What needs to be done
The answer must restate the listing word for word, without its images.

Material provided
---------------
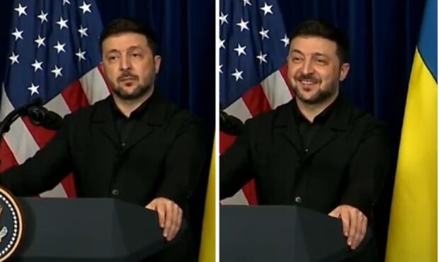 Украинскиот претседател остана со подигнати веѓи и иронична насмевка на зборовите на американскиот лидер Доналд Трамп кој изјави дека рускиот лидер Владимир Путин „сака Украина да успее
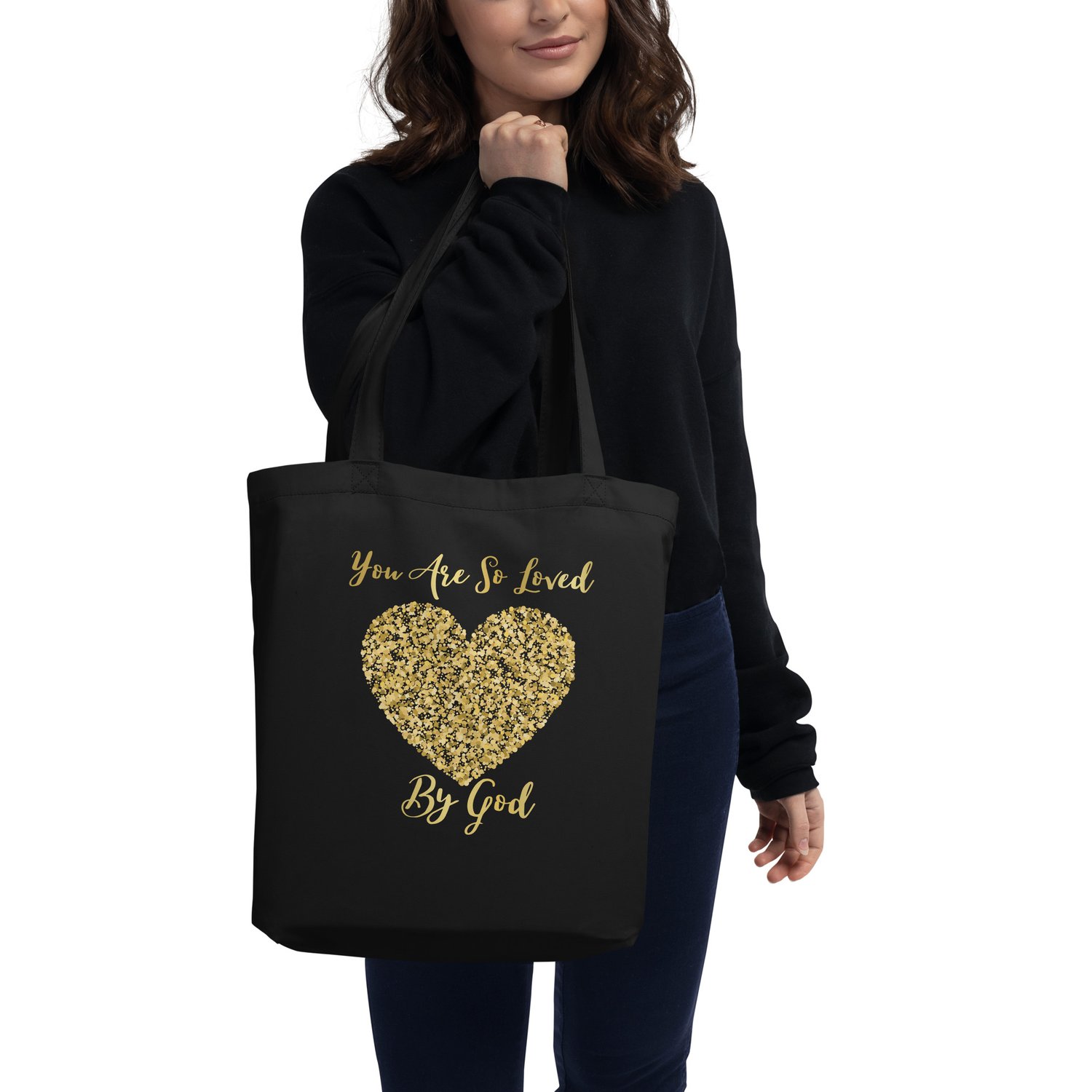 Beautifully designed eco-friendly tote bag uniquely designed to standout as a daily reminder of God's love. This roomy bag fits books, laptop, journals, groceries and so much more. Along with the You Are So Loved By God book, it makes a great gift for any occasion.
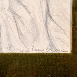Sacra Conversazione, grafite su carta, XX secolo, firmato in basso a destra, cm 49x39 compreso passepartout entro cornice, (tracce di umidità, foxing, difetti)
---------------
Exercise solution
 Украинскиот претседател остана со подигнати веѓи и иронична насмевка на зборовите на американскиот лидер Доналд Трамп кој изјави дека рускиот лидер Владимир Путин „сака Украина да успее
 Beautifully designed eco-friendly tote bag uniquely designed to standout as a daily reminder of God's love. This roomy bag fits books, laptop, journals, groceries and so much more. Along with the You Are So Loved By God book, it makes a great gift for any occasion.
Sacra Conversazione, grafite su carta, XX secolo, firmato in basso a destra, cm 49x39 compreso passepartout entro cornice, (tracce di umidità, foxing, difetti)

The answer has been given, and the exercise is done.